EXERCISE – Your task is to retype the lines from the opening of the material through the line that includes "(VOVWORLD) - El". Do not copy the pictures.

INFORMATION SHOWN –
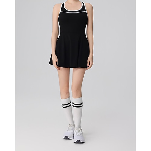 Per donna Tinta unita Abito da tennis con pantaloncini Abito sportivo Senza Maniche Patchwork Senza schiena Elastico Traspirante Tennis Badminton Esercizio all'Aperto Girocollo Vestito Nero Bianco
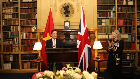 (VOVWORLD) - El embajador de Vietnam en el Reino Unido, Do Minh Hung, presentó ayer sus cartas credenciales al rey Carlos III, quien manifestó su respaldo a la cooperación entre ambos países en áreas como el intercambio cultural, la educación, la protección ambiental, el desarrollo sostenible y los proyectos de caridad en Vietnam. El monarca destacó los logros de la nación del sudeste asiático en su proceso de renovación y desarrollo, así como los avances en la Asociación Estratégica Vietnam-Reino Unido.
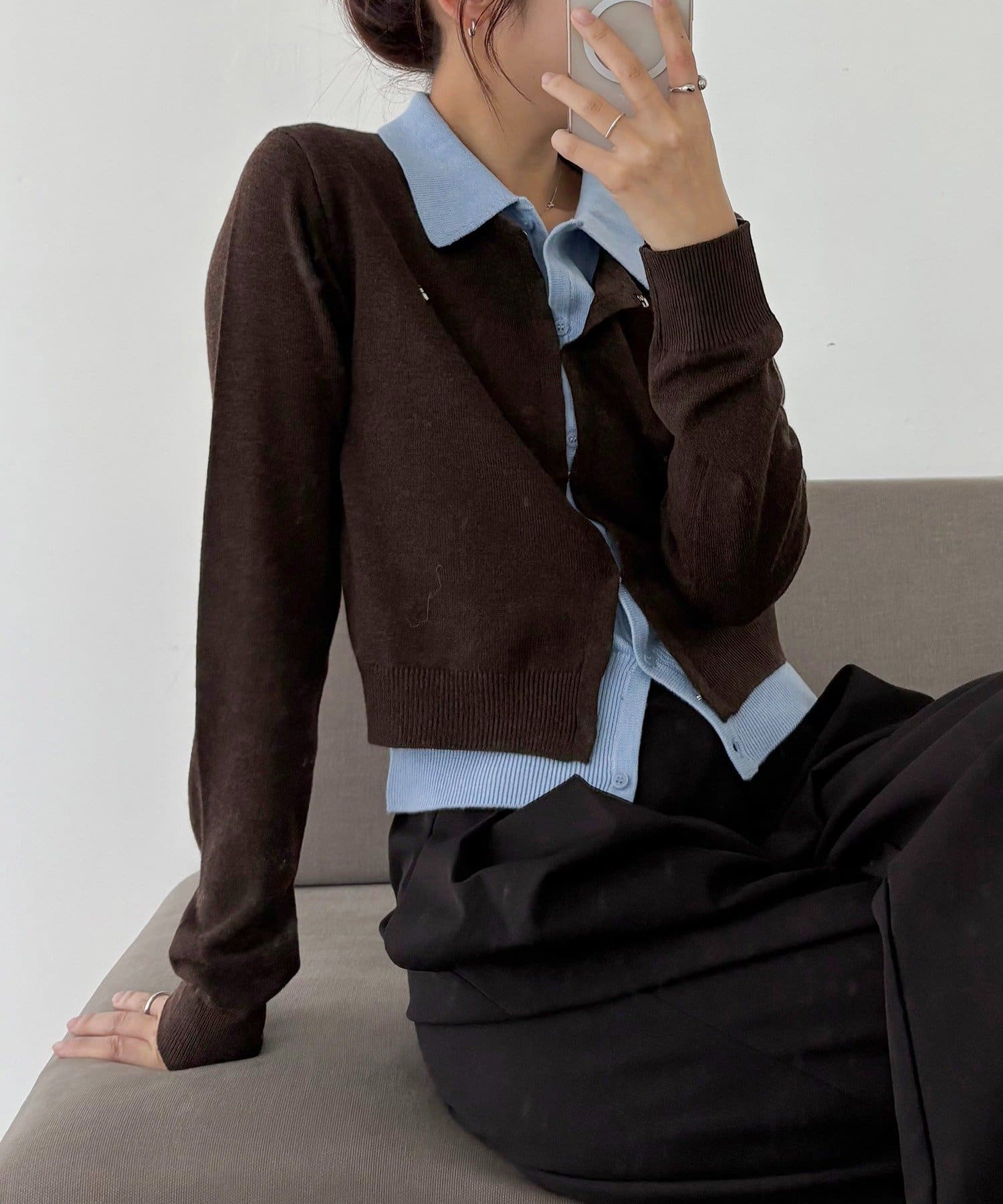 TOP > CAPRICIEUX LE'MAGE > レディース > トップス > ニット/セーター > レイヤードポロニットカーディガン

OUTPUT FOR THIS EXERCISE –
 Per donna Tinta unita Abito da tennis con pantaloncini Abito sportivo Senza Maniche Patchwork Senza schiena Elastico Traspirante Tennis Badminton Esercizio all'Aperto Girocollo Vestito Nero Bianco
 (VOVWORLD) - El embajador de Vietnam en el Reino Unido, Do Minh Hung, presentó ayer sus cartas credenciales al rey Carlos III, quien manifestó su respaldo a la cooperación entre ambos países en áreas como el intercambio cultural, la educación, la protección ambiental, el desarrollo sostenible y los proyectos de caridad en Vietnam. El monarca destacó los logros de la nación del sudeste asiático en su proceso de renovación y desarrollo, así como los avances en la Asociación Estratégica Vietnam-Reino Unido.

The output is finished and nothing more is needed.